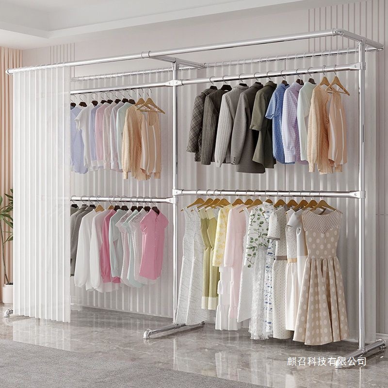 镀锌加厚钢管晾衣架落地立式室内新款卧室阳台简易挂帘双层挂衣架
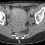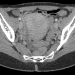 تقرر إجراء فحص طبقي محوري للمريضة مع حقن مادة ظليلة والذي بين بكل وضوح أن هذه البنية ماهي إلا الحالب الأيمن الذي يبدي سماكة جدارية نسبية وهو مرئي على كامل طوله، الصورة الصدوية في الحفرة الحرقفية اليمنى تترجم مسار متعرّج لهذا الحالب والذي يفسّر أيضاً منشأ الالتهاب (ركودة مثلاً)..
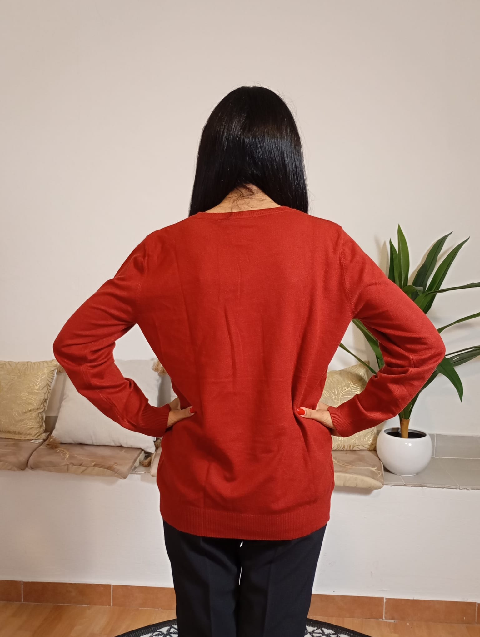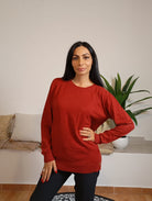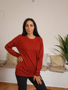 MAGLIA MAISON FORM ELLE. Maglia Bordeaux realizzata in tessuto semilucido e confortevole, con una lunghezza leggermente estesa. Presenta un dettaglio distintivo: una medaglietta con il logo del brand. La modella che la indossa è alta 175 cm e pesa 54 kg.
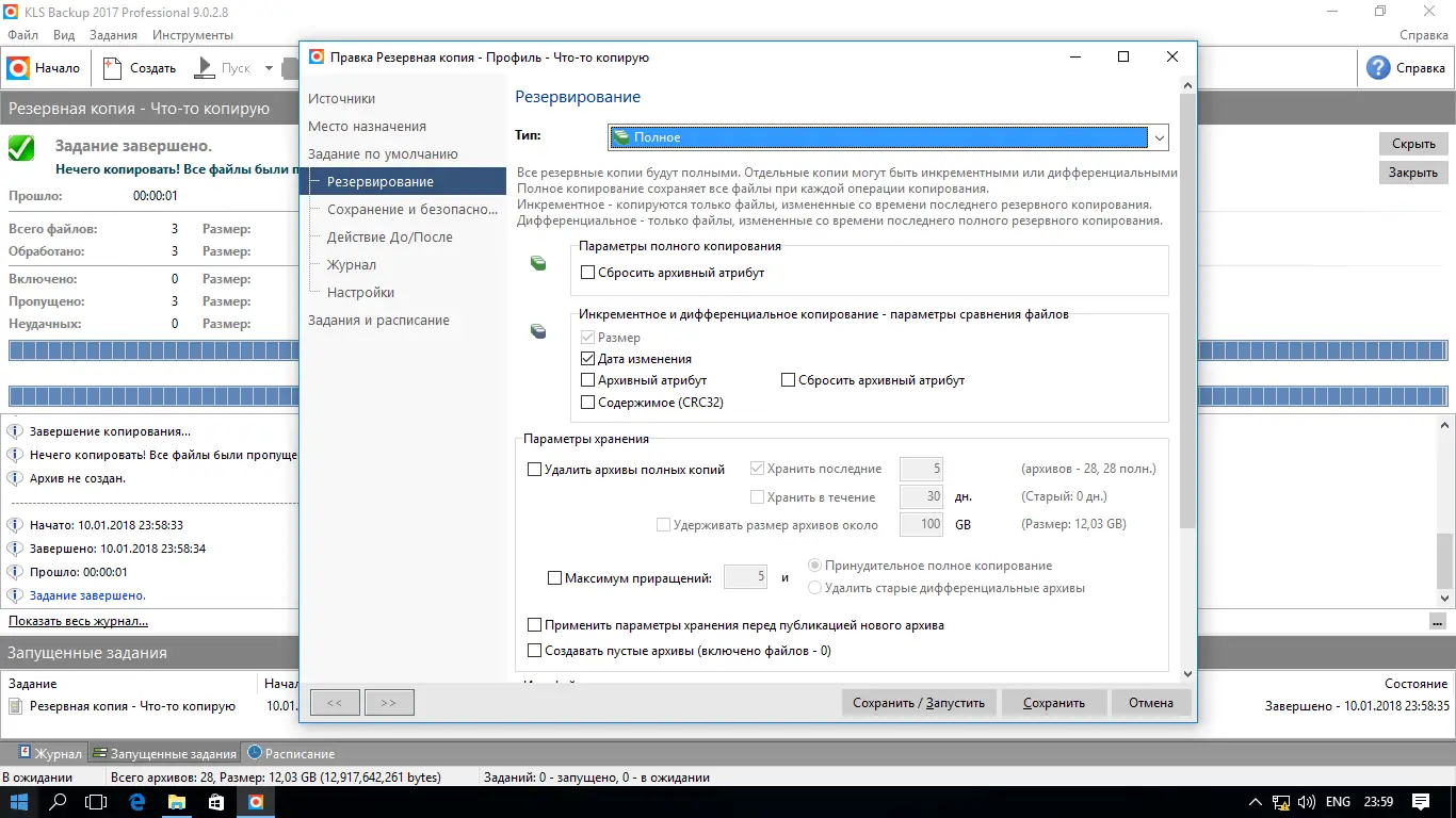 - Наличие продвинутых режимов резервирования — полное, инкрементальное, дифференциальное.
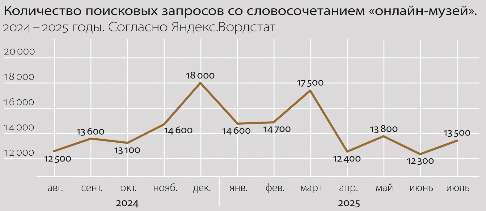 Согласно данным Яндекс.Вордстат за 2023–2025 годы, каждый месяц пользователи ищут онлайн‑музеи от 20 до 50 тысяч раз, или от 500 до 2500 раз в сутки.
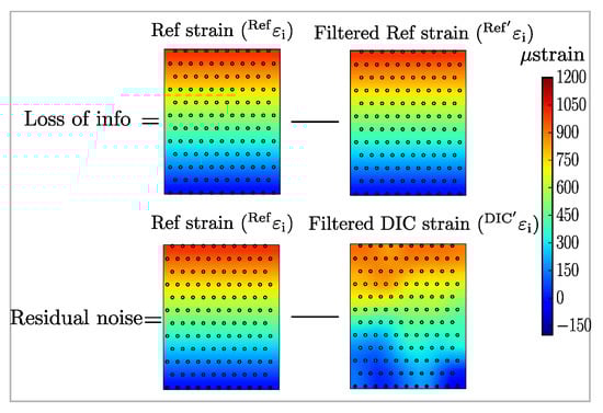 The filtering efficiency is measured by two terms of error; the loss of information and the residual noise. The loss of information is the amount of true signal lost when the reference strains at measurement points () were filtered () Equation (3). The residual noise is the distance between each reference point () and filtered noisy point () for each stage (see Equation (4) and Figure 4). The total error is the square-root of the sum of the quadratic of both error terms Equation (5) []. The reference strain is either null in the case of zero-strain or the simulated strain field without noise imposed, or is the global strain determined from the extensometer in case of the loaded steel samples. The error was calculated as the RMSE with the following equations.

**Your assignment**
Retype each line of the records exactly as it reads; no pictures belong in the copy.

**Response for this exercise**
 镀锌加厚钢管晾衣架落地立式室内新款卧室阳台简易挂帘双层挂衣架
 تقرر إجراء فحص طبقي محوري للمريضة مع حقن مادة ظليلة والذي بين بكل وضوح أن هذه البنية ماهي إلا الحالب الأيمن الذي يبدي سماكة جدارية نسبية وهو مرئي على كامل طوله، الصورة الصدوية في الحفرة الحرقفية اليمنى تترجم مسار متعرّج لهذا الحالب والذي يفسّر أيضاً منشأ الالتهاب (ركودة مثلاً)..
 MAGLIA MAISON FORM ELLE. Maglia Bordeaux realizzata in tessuto semilucido e confortevole, con una lunghezza leggermente estesa. Presenta un dettaglio distintivo: una medaglietta con il logo del brand. La modella che la indossa è alta 175 cm e pesa 54 kg.
 - Наличие продвинутых режимов резервирования — полное, инкрементальное, дифференциальное.
 Согласно данным Яндекс.Вордстат за 2023–2025 годы, каждый месяц пользователи ищут онлайн‑музеи от 20 до 50 тысяч раз, или от 500 до 2500 раз в сутки.
 The filtering efficiency is measured by two terms of error; the loss of information and the residual noise. The loss of information is the amount of true signal lost when the reference strains at measurement points () were filtered () Equation (3). The residual noise is the distance between each reference point () and filtered noisy point () for each stage (see Equation (4) and Figure 4). The total error is the square-root of the sum of the quadratic of both error terms Equation (5) []. The reference strain is either null in the case of zero-strain or the simulated strain field without noise imposed, or is the global strain determined from the extensometer in case of the loaded steel samples. The error was calculated as the RMSE with the following equations.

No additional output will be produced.